[Exercise aim]
Write out the listing below exactly, and omit any images you find in it.
--- Collected material Enclosed Below ---
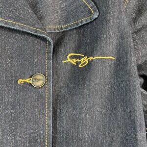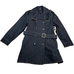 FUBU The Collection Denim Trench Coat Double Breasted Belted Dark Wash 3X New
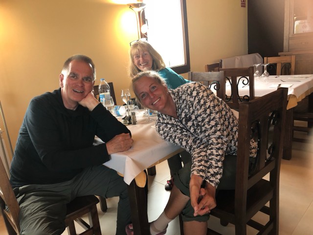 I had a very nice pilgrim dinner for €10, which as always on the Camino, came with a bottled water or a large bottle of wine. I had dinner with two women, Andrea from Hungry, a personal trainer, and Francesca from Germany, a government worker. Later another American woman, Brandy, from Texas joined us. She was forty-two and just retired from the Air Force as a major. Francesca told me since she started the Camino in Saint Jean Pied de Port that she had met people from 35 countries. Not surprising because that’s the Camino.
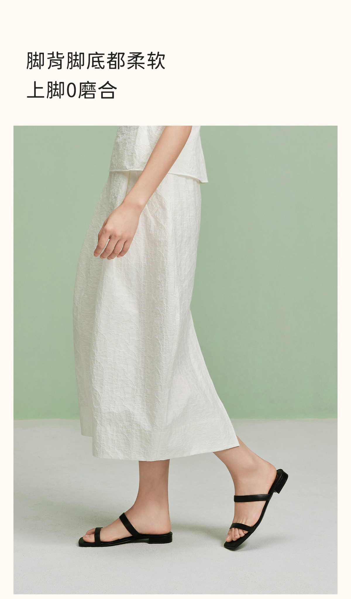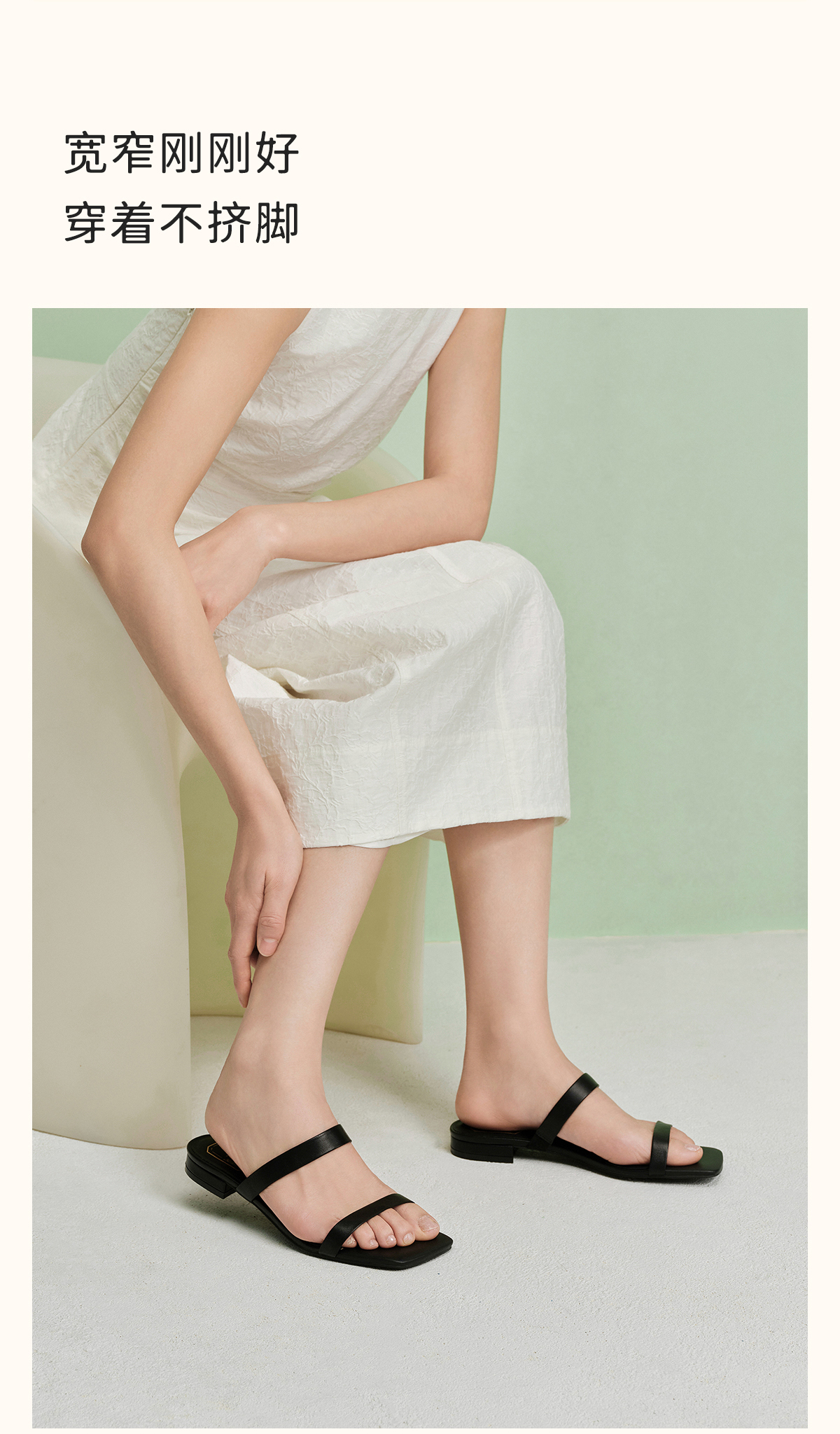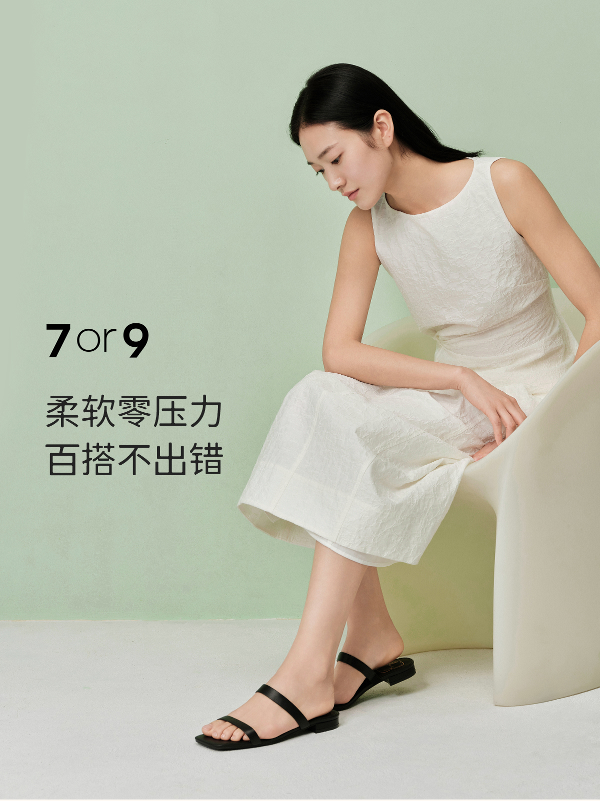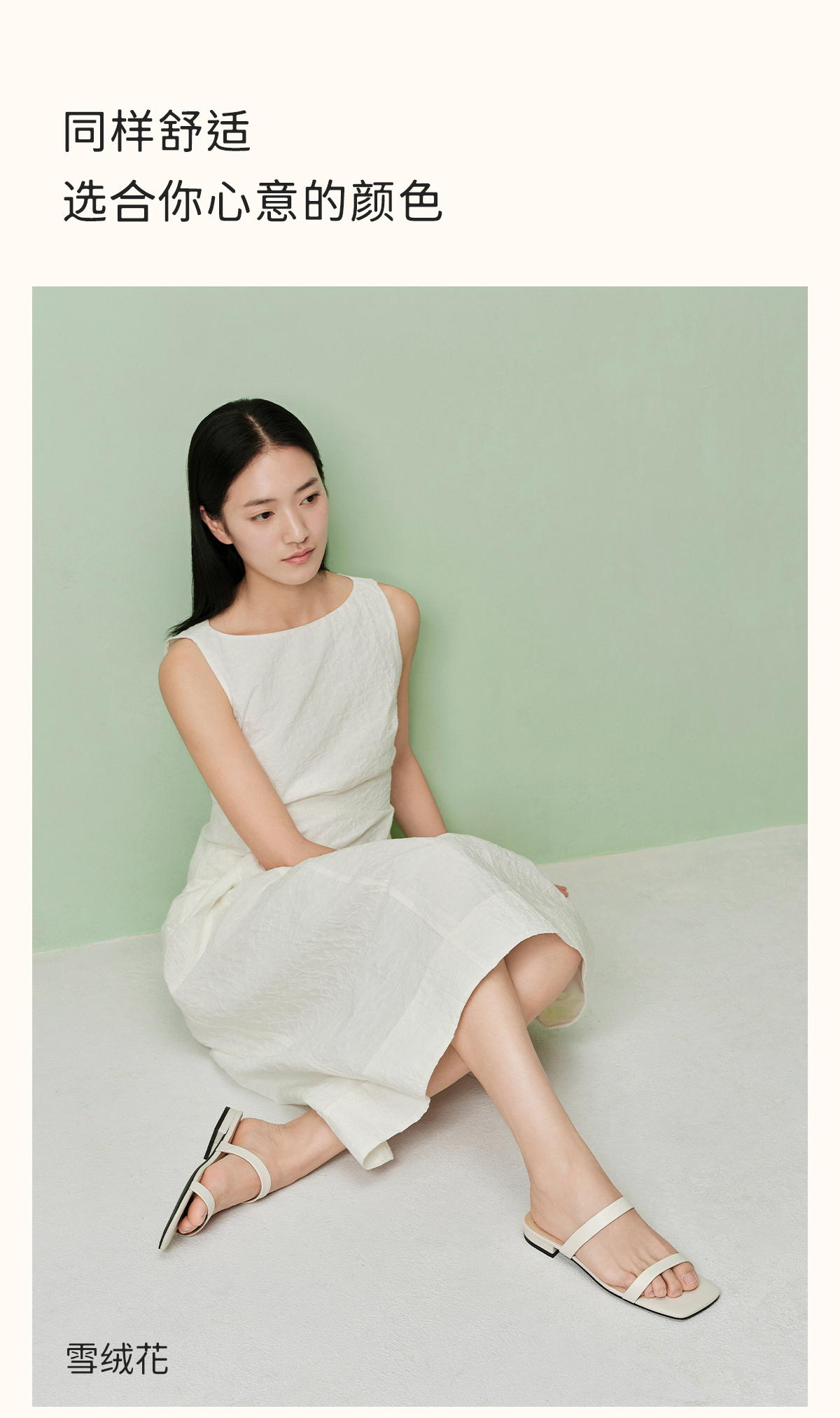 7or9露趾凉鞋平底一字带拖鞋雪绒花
--- End of Enclosed Collected material ---
[Answer for the task]
 FUBU The Collection Denim Trench Coat Double Breasted Belted Dark Wash 3X New
 I had a very nice pilgrim dinner for €10, which as always on the Camino, came with a bottled water or a large bottle of wine. I had dinner with two women, Andrea from Hungry, a personal trainer, and Francesca from Germany, a government worker. Later another American woman, Brandy, from Texas joined us. She was forty-two and just retired from the Air Force as a major. Francesca told me since she started the Camino in Saint Jean Pied de Port that she had met people from 35 countries. Not surprising because that’s the Camino.
 7or9露趾凉鞋平底一字带拖鞋雪绒花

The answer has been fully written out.